On the preoperative visit, patients were made familiar with the visual analog scale (VAS), which ranged from 0 = no pain to 10 = worst pain imaginable. Use of the PCEA device (Graseby Medical Ltd., Watford, UK) was explained.

On the day of surgery, patients were premedicated with oral midazolam (3.75–7.5 mg) 1 h before surgery. In the operation room, an IV infusion was established, and prehydration with at least 500 mL lactated Ringer’s solution was provided. An epidural catheter was preferentially inserted at the L3-4 interspace, but variations in the site of insertion were allowed from T12 through L4. The epidural space was identified by loss of resistance. The catheter was advanced 3–5 cm, and a 4-mL test dose of ropivacaine (10 mg/mL) (Astra Chemicals, Wedel, Germany) eliminated subarachnoid insertion. Five minutes after a negative response, 10–15 mL epidural ropivacaine was titrated in aliquots of 5 mL to a sensory block of at least dermatome T12. If adequate sensory block was not achieved within 45 min, an additional 5-mL dose of ropivacaine was injected. A limit of a maximum dose of 250 mg ropivacaine within a 3-h interval was set. For patient comfort, light sedation with IV propofol or midazolam was provided. Sensory block was confirmed before surgery was started.

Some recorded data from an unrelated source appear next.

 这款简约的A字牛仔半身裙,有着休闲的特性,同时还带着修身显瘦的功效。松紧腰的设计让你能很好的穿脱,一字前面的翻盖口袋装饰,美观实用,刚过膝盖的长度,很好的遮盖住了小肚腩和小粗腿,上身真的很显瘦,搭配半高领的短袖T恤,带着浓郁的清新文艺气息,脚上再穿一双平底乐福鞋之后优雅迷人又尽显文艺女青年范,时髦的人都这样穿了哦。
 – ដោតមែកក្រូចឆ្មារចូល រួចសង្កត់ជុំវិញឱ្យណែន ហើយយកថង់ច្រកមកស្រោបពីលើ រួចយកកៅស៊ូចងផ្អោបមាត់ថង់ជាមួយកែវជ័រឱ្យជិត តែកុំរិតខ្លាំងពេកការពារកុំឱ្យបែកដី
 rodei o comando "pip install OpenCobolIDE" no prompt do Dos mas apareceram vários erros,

According to a computer-generated table of random numbers, patients were allocated to receive either 0.25 mg/kg epidural S(+)-ketamine (Parke-Davis Pharmaceuticals, Freiburg, Germany) or an equivalent volume of epidural 0.9% saline 10 min before surgical incision. The S(+)-ketamine dose chosen was based on open-label pilot studies in the same setting. We studied the effects of 0.125, 0.25, 0.5, and 0.75 mg/kg epidural S(+)-ketamine, and we observed increased postoperative pain relief and a 15%–40% decrease in ropivacaine demand after 0.25 mg/kg S(+)-ketamine. The smaller doses assessed resulted in negligible effects, whereas the larger doses studied caused increased patient sedation. Therefore, 0.25 mg/kg S(+)-ketamine was used for the investigation. Only commercially available preservative-free S(+)-ketamine was applied. Patients and investigator anesthetists were blinded as to patient group allocation.

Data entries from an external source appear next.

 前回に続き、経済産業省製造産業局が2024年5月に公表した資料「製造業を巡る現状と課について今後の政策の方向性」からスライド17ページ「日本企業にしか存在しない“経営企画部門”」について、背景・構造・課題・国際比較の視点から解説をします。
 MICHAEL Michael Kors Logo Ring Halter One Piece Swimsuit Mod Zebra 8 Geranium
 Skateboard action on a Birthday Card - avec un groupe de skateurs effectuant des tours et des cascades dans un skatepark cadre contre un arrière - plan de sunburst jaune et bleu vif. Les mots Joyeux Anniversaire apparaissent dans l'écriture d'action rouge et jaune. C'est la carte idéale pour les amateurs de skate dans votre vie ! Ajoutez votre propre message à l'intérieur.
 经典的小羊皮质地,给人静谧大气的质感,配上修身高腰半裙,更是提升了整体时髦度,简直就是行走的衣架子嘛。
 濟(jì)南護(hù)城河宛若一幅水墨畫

On completion of surgery, analgesic therapy was commenced. The PCEA device was programmed to administer a bolus dose of 18.75 mg (5 mL) of ropivacaine (3.75 mg/mL) with a 10-min lockout and a maximum dose limit of 200 mg of ropivacaine over 4 h. Postoperative evaluations were performed at 2-h intervals for the first 8 h after surgery and then at 24 and 48 h after surgery. VAS scores at rest and during movement and PCEA consumption of ropivacaine were recorded. The time until first analgesic medication request was noted. Sensation to touch (with the scale 0 = none, 1 = pinprick, 2 = touch, to 3 = correct identification of a number written on the skin) was determined on the skin surrounding the operated area and the corresponding region on the contralateral extremity. Motor block was assessed bilaterally according to a modified Bromage scale (0 = no motor block, 1 = ability to move knee and ankle, 2 = ability to move ankle, 3 = inability to move ankle).

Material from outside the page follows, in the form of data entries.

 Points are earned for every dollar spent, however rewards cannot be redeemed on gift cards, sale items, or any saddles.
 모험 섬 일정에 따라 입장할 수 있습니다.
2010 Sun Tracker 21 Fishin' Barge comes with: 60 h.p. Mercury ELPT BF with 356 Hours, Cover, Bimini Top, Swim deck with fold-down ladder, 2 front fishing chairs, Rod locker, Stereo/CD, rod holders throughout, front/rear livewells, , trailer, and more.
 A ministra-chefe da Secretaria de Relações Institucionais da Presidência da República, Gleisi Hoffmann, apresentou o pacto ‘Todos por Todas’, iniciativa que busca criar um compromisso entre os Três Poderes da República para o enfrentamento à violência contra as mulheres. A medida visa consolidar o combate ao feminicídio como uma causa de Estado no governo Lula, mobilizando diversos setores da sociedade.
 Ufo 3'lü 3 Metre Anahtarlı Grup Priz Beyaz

A standardized plan for postoperative rescue analgesia was prepared. If VAS scores were higher than 4 cm, nonsteroidal antiinflammatory drugs (50–100 mg diclofenac or 0.5–1 g paracetamol administered per rectum or orally) were first used, followed by the nonopioid analgesic metamizol (1–2 g IV). In case of pain persistence after 45 min, subcutaneous injections of piritramide (1.5 up to 7.5 mg) were provided. If the VAS scores were higher than 5 cm, piritramide was administered IV. If analgesia was not achieved with these treatments, the PCEA was discontinued, and 5–10 mL (18.75–37.5 mg) boluses of ropivacaine could be epidurally applied at the discretion of the anesthetist. If, after 45 min, pain control was considered inadequate (VAS scores higher than 4 cm), a continuous infusion of 0.2% epidural ropivacaine was provided. Finally, an IV patient-controlled analgesia device with piritramide could be set up.

Adverse events were noted. Special attention was paid to all side effects that could be associated with ketamine (5–10). Patients were questioned about unusual dreams, hallucinations, or other psychological effects possibly related to ketamine. Noninvasive blood pressure and heart rate were monitored, and the state of sedation was assessed (4-point score: 0 = no sedation, 1 = mild sedation, 2 = moderate sedation, 3 = severe sedation) at 30-min intervals. Patients’ ratings of the quality of their overall pain therapy were recorded at 48 h with a 4-point scale of 1 = poor, 2 = fair, 3 = good, or 4 = excellent.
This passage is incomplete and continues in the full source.